TLDR: We revised our paper to add elaboration on the different trade-offs for each method.

Why are there two versions of adaptive MCTS? Is one better for some applications than others?

Thank you for the important and pragmatic question. We revised our manuscript to include a clarification on this point as a new section in the Appendix. We summarize the revision below.

When outcome quality is the main priority, AB-MCTS-M is often the preferred choice because of its consistently strong performance (Tables 1 and 2). For node selection, this algorithm uses MCMC, an iterative procedure that improves effectiveness but incurs some computational cost per selection. For applications with strict time constraints, AB-MCTS-A offers a lighter alternative, as its posterior updates are done analytically. However, as the LLM-inference time or the time required to evaluate the generated candidate solutions often dominate, the extra time spent on MCMC has little impact on total runtime.
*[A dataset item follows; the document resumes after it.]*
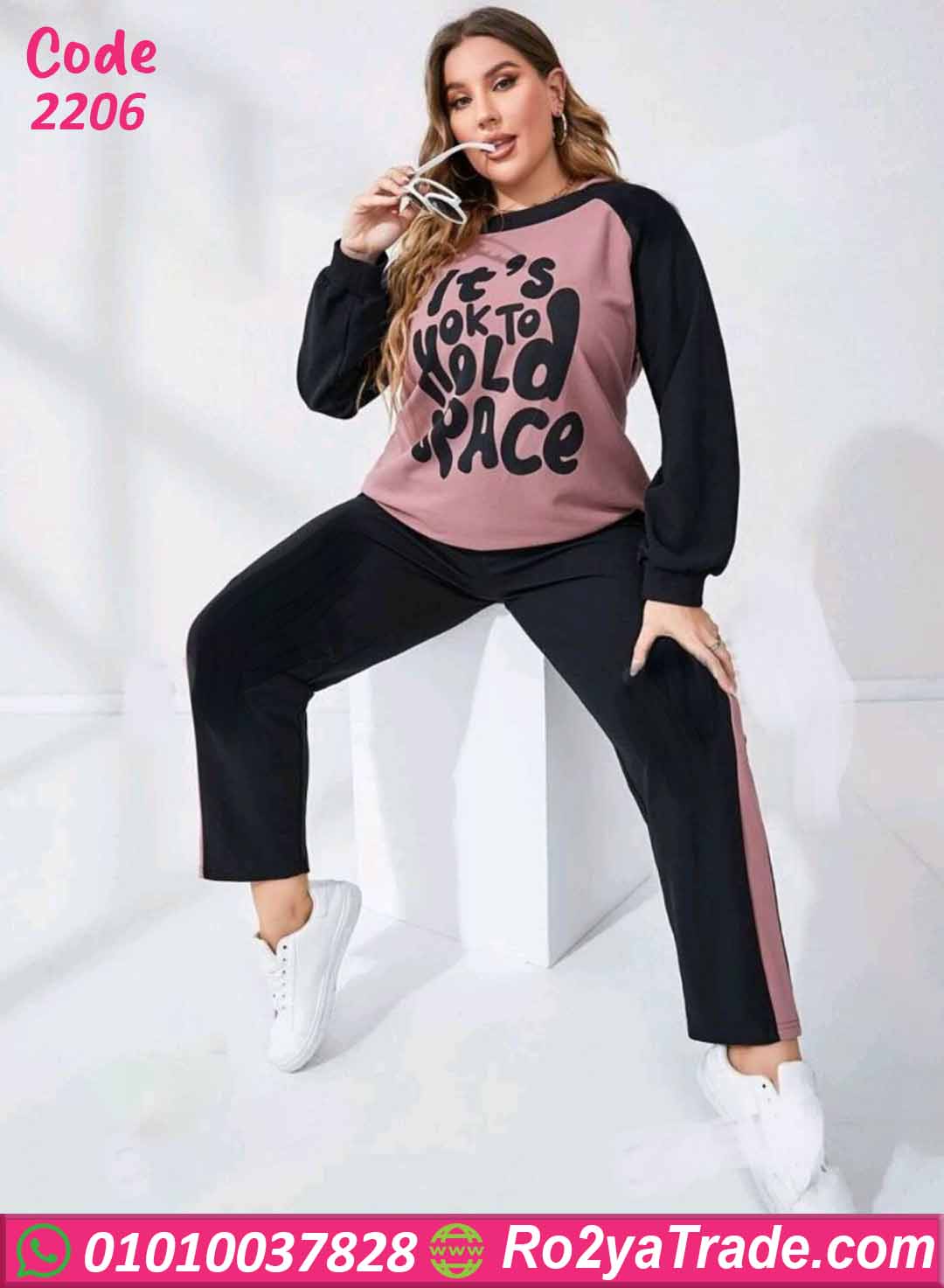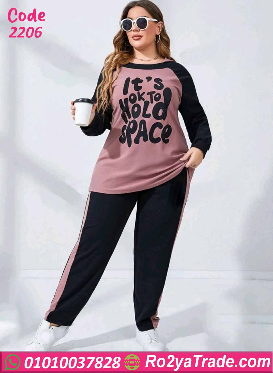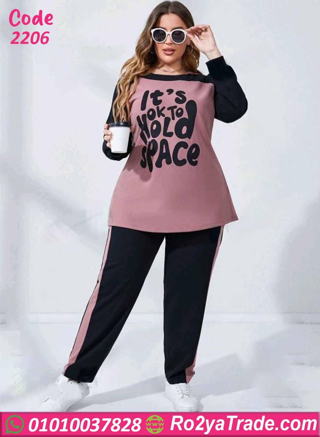 ترنج نسائي شتوي – كود 2206 من ماركة Lara بتصميم عملي مناسب للمقاسات الكبيرة. يتكون من تيشيرت
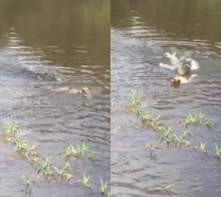 Sua dona gritou desesperadamente para o cachorro voltar e ele chegou a sair da água na primeira vez, mas voltou a entrar na água e foi surpreendido pelo jacaré que o abocanhou.

While both algorithms feature adaptive search, Figures 5 and 9 show that AB-MCTS-A tends to construct wider search trees due to its core design: Reaching depth $d$ requires $d$ consecutive CONT choices, so deeper paths become geometrically less likely than wider expansions. Therefore, for tasks such as ARC-AGI, where broader exploration is considered particularly beneficial, AB-MCTS-A can be preferable.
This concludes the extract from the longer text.